Governor Christine Gregoire, in her attempts at expanding government guarantees of health care coverage (which is not a right), robbed some citizens of purchasing their own insurance in order to guarantee coverage to others, whom she claimed could not afford to purchase their own. Never mind that our state’s policies are what made such coverage impossible to purchase in the first place, by making Washington state one of the most hostile states for insurers to do business with, making insurance more expensive and prohibitive in our state than others.

This is how organized crime works. The local mob requires that merchants purchase their services by threatening and running competition out of town. It’s necessary to squash competition in order to keep power. So now you know what’s really behind the maniacal focus on what liberals call “health care reform,” but what really amounts to the destruction of our health care system for the purpose of taking over a bigger slice of the American economy.
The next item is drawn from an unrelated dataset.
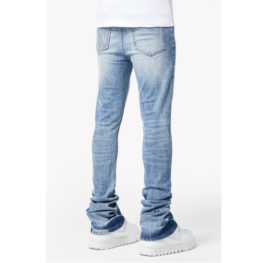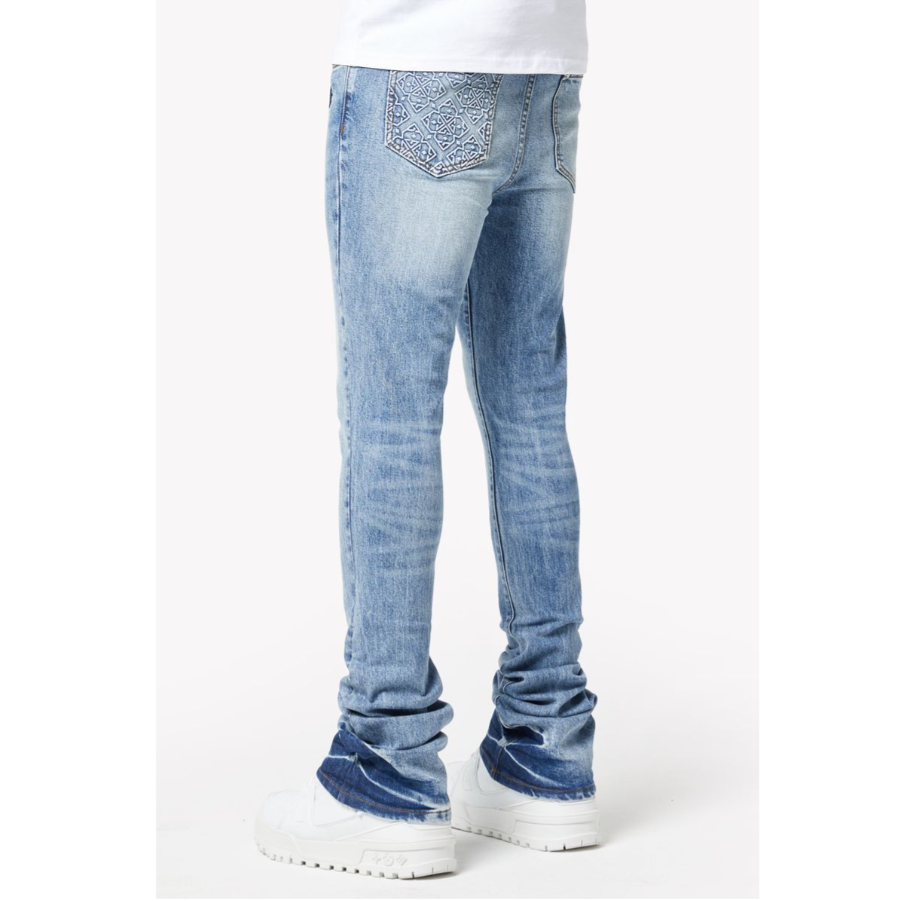 The Pacific Blue Basics Stacked Denim offers a perfect blend of minimalistic design with subtle details. Crafted in a rich Pacific blue wash, these jeans feature a stacked fit at the bottom for a modern, stylish silhouette. Iconic details include a small logo on the right lower leg, the signature pattern embossed on the pockets, and a discreet icon below the left pocket, adding character to an otherwise classic design.

It’s kind of interesting (or predicatble) that the biggest proponents of universal health care are Hollywood celebrity activists and left-leaning politicians. Congress and federal employees are exempt from the health care plan, as is noted in the actual bill floating in the House. Federal employees enjoy private insurance at taxpayer expense, with no restrictions or limitations. The wealthy (such as the East Coast elites and Hollywood celebs) will be able to afford private insurance, which will be even costlier than it is now.

They will be insulated from the negative, unintended consequences of government health care. When their 90-year-old grandma needs a pacemaker, they will simply purchase one from the private system. We, in the middle class, however, will be told that grandma’s life isn’t worth taking up one of the precious few pacemakers they have left. We will be at the mercy of the government.

After all, for those who insist that health care is a “right,” the naive notion that the government can guarantee good health as an outcome, comes from the same people who believed that the War on Poverty would actually work and that Social Security would guarantee that elders would not die in poverty. It appears they failed on at least these two accounts. I suppose it’s their right to fail, as long as we keep paying for it.